In Klementanovsky v. Gonzales, 501 F.3d 788 (7th Cir 2007)The Seventh Circuit found that there were “any number of rational grounds on which Congress could choose to draw a line between those who committed crimes before applying to enter the country (making them inadmissible) and those who have committed crimes since arriving (making them deportable).” See: Klementanovsky. v. Gonzales, supra, at 792. The Circuit position reasons why Congress may have contemplated a statutory distinction between those two groups and criticized the Yeung decision (notably, that the Yeung Court focused exclusively on the BIA created distinction and not any Congressional -created distinction. 501 F.3d at 793.

The Board earlier took the position that a lawful permanent resident present in the United States could apply for a waiver under section 212(h) during deportation proceedings so long as he “depart[ed], return[ed], and then appl[ied] for a waiver.” Klementanovsky, 501 F.3d at 793. See, e.g., Matter of Sanchez, 17 I. & N. Dec. 218, 222-24 (BIA 1980).
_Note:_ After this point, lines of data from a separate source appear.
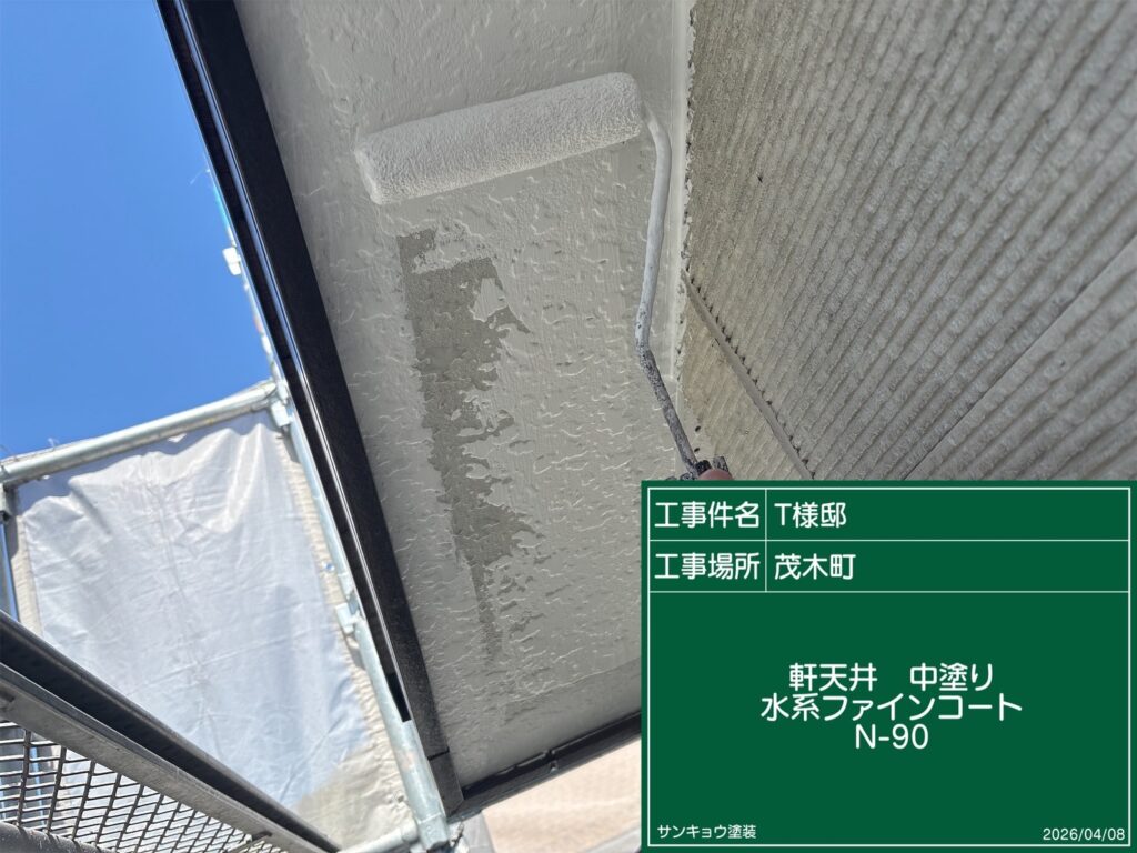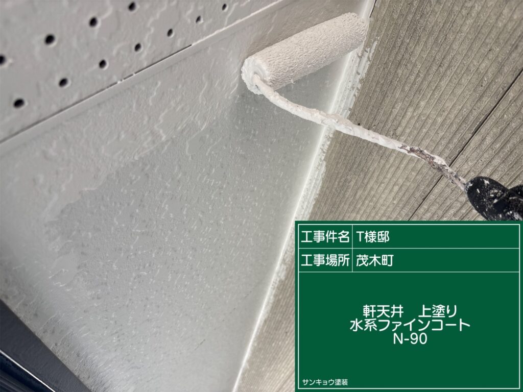 こんにちは!現場担当の小森です。今日は茂木町T様邸の軒天中塗りから上塗り作業をしてきました。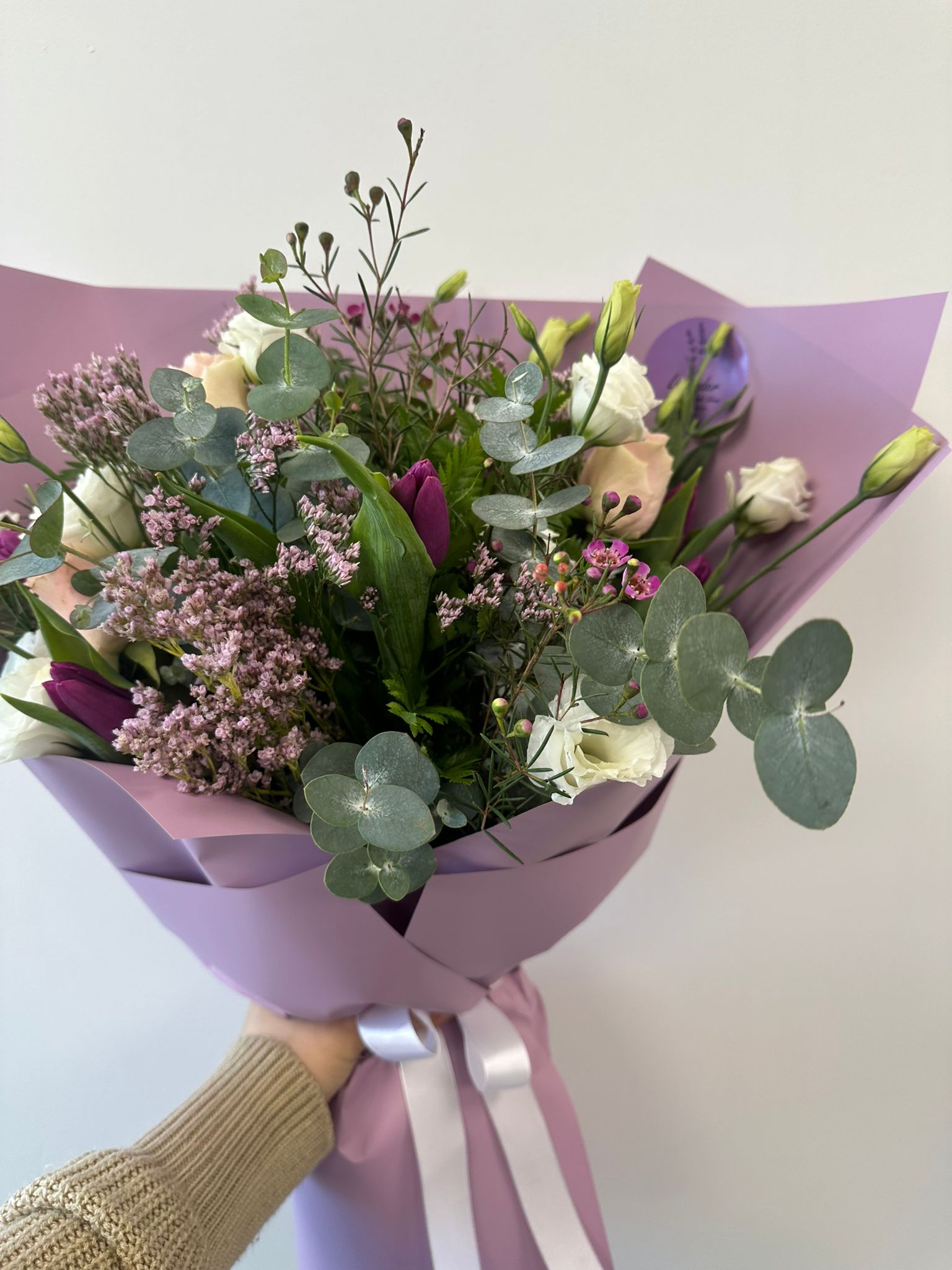 זר סגלגל ששזור מטוליפים,ורדים ליזאנטוס בשילוב ירק עונתי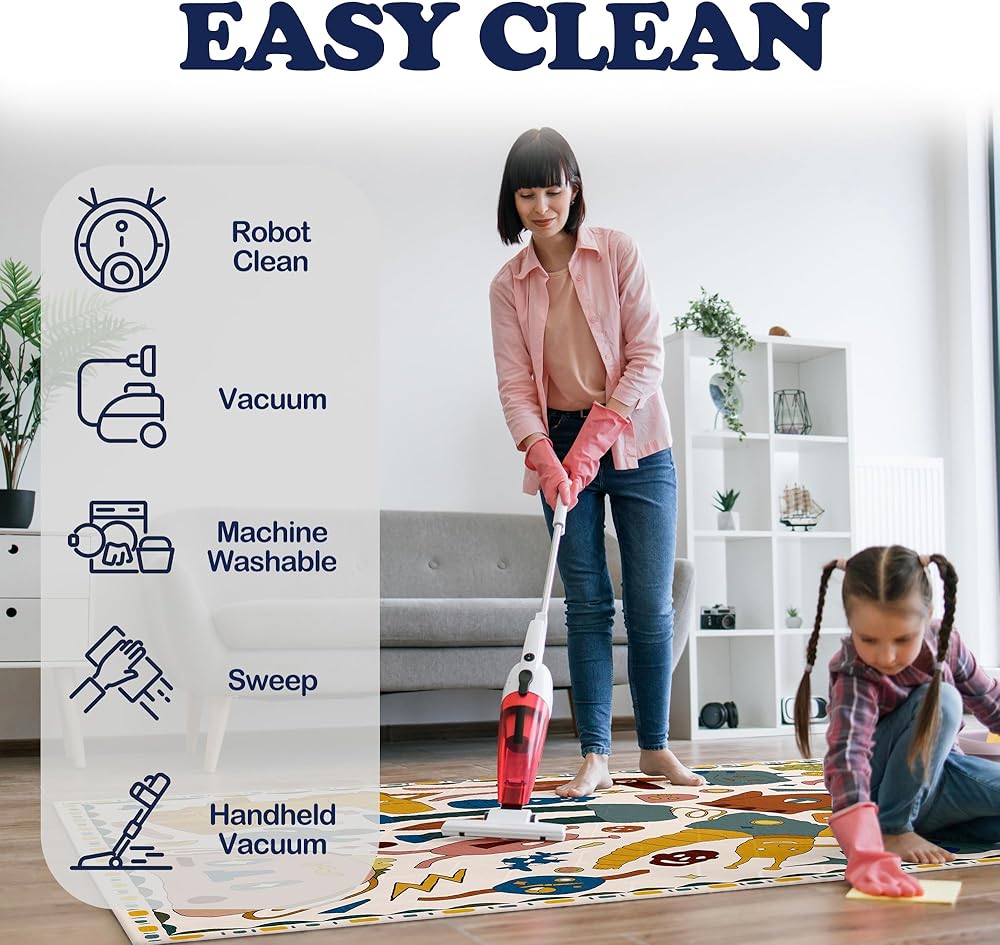 سهل التنظيف ومتين للعائلات المشغولة: يتيح لك السطح المقاوم للبقع مسح الانسكابات أو الفتات أو الأوساخ في ثوانٍ بقطعة قماش مبللة - لا حاجة إلى مواد كيميائية قاسية أو غسيل في الغسالة! يتحمل التصميم المتين الاستخدام اليومي (مواعيد اللعب، وقت الوجبات الخفيفة، وقت القصة) - مما يجعله خيارًا عمليًا للأسر المزدحمة.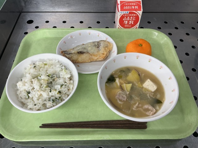 今日は、大根菜ごはん、鯖の竜田揚げ、冬の具だくさんみそ汁、みかん、牛乳です。
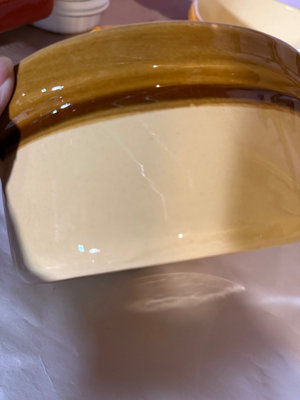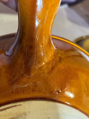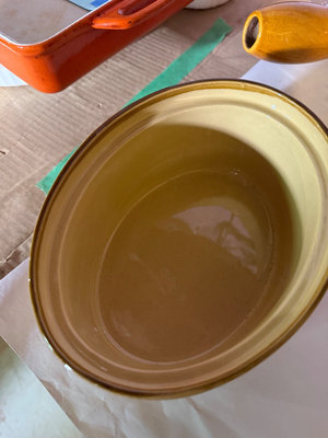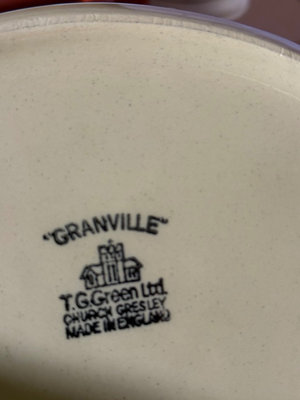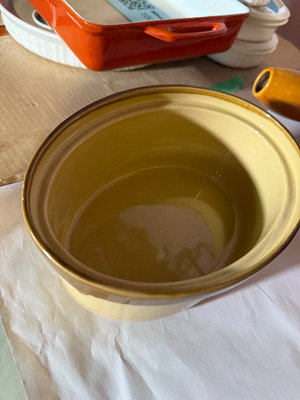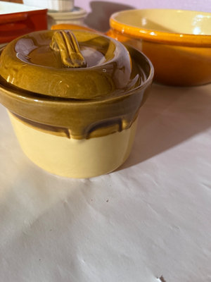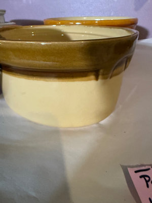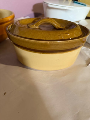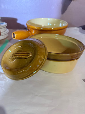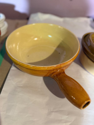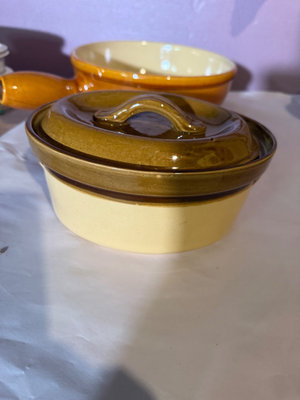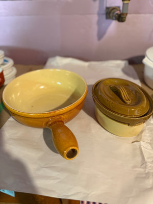 1 Vintage Landert 24 fondue stoneware pot (10" x 3.5"). 1 Vintage TG Green Ltd Church Gresley "Granville" covered casserole Made in England. **BRING OWN PACKING MATERIALS, as is as found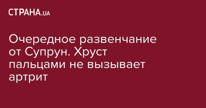 Очередное развенчание от Супрун. Хруст пальцами не вызывает артрит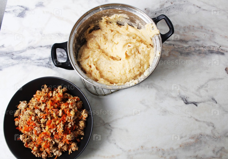Картофельное пюре и фаршированное мясо в тарелке, приготовление пастушеского картофельного торта. вид сверху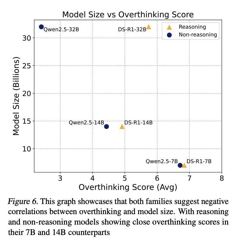 如图 6 所示,分析表明,模型规模与过度思考行为之间存在负相关。研究者假定,较小的模型在环境理解方面有困难,导致它们更依赖于内部推理链,增加了它们过度思考的倾向。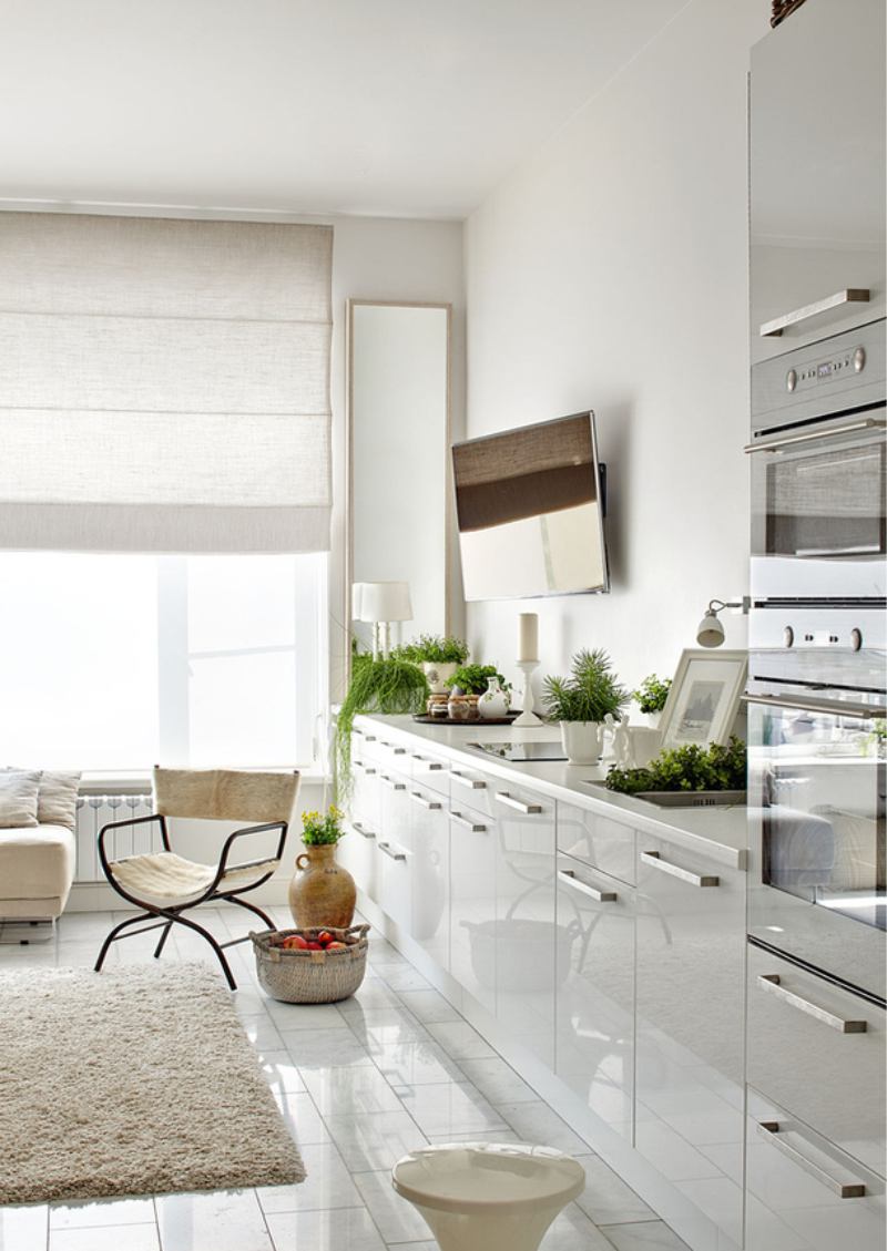 Чтобы не слишком перегружать визуально пространство, вместо верхних навесных шкафов можно сделать открытые полочки. Но все, что Вы будете на них хранить, должно быть всегда в идеальном порядке.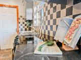 To either side of the entrance hall are two spacious reception rooms. The main living room features a marble fireplace and overlooks the expansive green to the front, while the second reception room is highly versatile and suitable for use as an additional living room, home office, or playroom. To the rear, the bright and welcoming kitchen enjoys natural light throughout the day and is fitted with solid cabinetry, contrasting worktops, and tiled flooring, which continues into the adjoining utility room. The utility is fully fitted with built-in units, offers ample storage, and is plumbed for a washing machine. A ground floor bathroom with shower is conveniently located off the utility.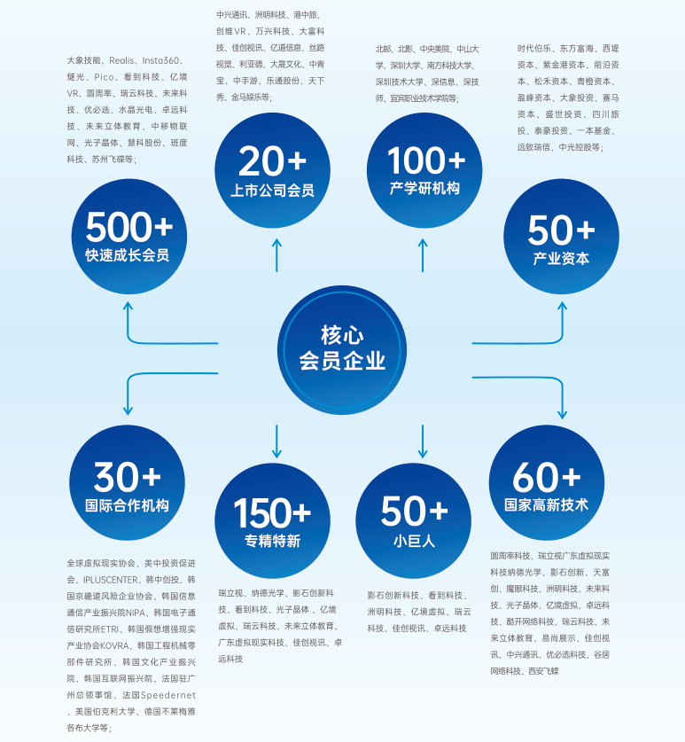 联合会始终站在行业最前沿,致力于推动VR/AR产业的创新发展。核心会员包括DELL、Oculus、VIVE、SONY、HTC、SAMSUNG及国内领军企业Rokid、Insta360、Pico、中兴通讯、优必选、中旅国际、洲明科技等,同时孵化出深圳市南山区新质生产力产业协会,总产值超千亿元,构筑了强大的行业影响力。抢抓新质生产力发展机遇,建设VR/AI全产业链生态矩阵和应用生态体系,推动AI、VR产业高质量发展。在推动虚拟现实、人工智能、新兴科技等相关企业发展方面发挥着举足轻重的作用。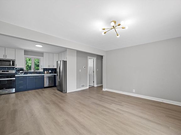 Most everything only one year NEW! Beautiful kitchen with quartz counters, subway tile, stainless appliances and stylish two-tone shaker recessed panel cabinets. Expansive counters include a large breakfast bar that accommodates 4+ stools, and the window above the sink allows a beautiful view of the large tree-lined lot that is within walking distance of lake access (Paddock & Hooker), fishing, boating, a park and a dog park. New roof, gutters, siding, soffit & fascia, hot water heater, water softener, dehumidifier, and huge deck. Only a relocation bring this home to the market - don't miss your opportunity!

As Agency’s errors, reflected in its decisions /(212)(h)] cases, constitutes specific “errors” of law’ withing the meaning of INA  § 240 (c)(6)(B), which the Immigration Courts must consider. The court held that relegating Yeung “to a different classification of persons simply by virtue of his failure to depart and reenter, is to recognize a distinction that can only be characterized as arbitrary, and that is without `a fair and substantial relation to the object of the legislation. In view of the latest Court decisions in Matter of J-H-J-, 26 I&N Dec.563 (BIA 2015) and Medina-Rosales v. Holder, 778 F.3d 1140(2015), and the clear and unambiguous language of § 1182(h) “only persons who obtained Legal Permanent Resident status before or when the entered the United States are barred from seeking a waiver under § 1182(h). Because most respondent’s obtained LPR’s status after they entered the United States, consequently they are eligible for discretionary consideration for waiver of  inadmissibility under § 1182(h).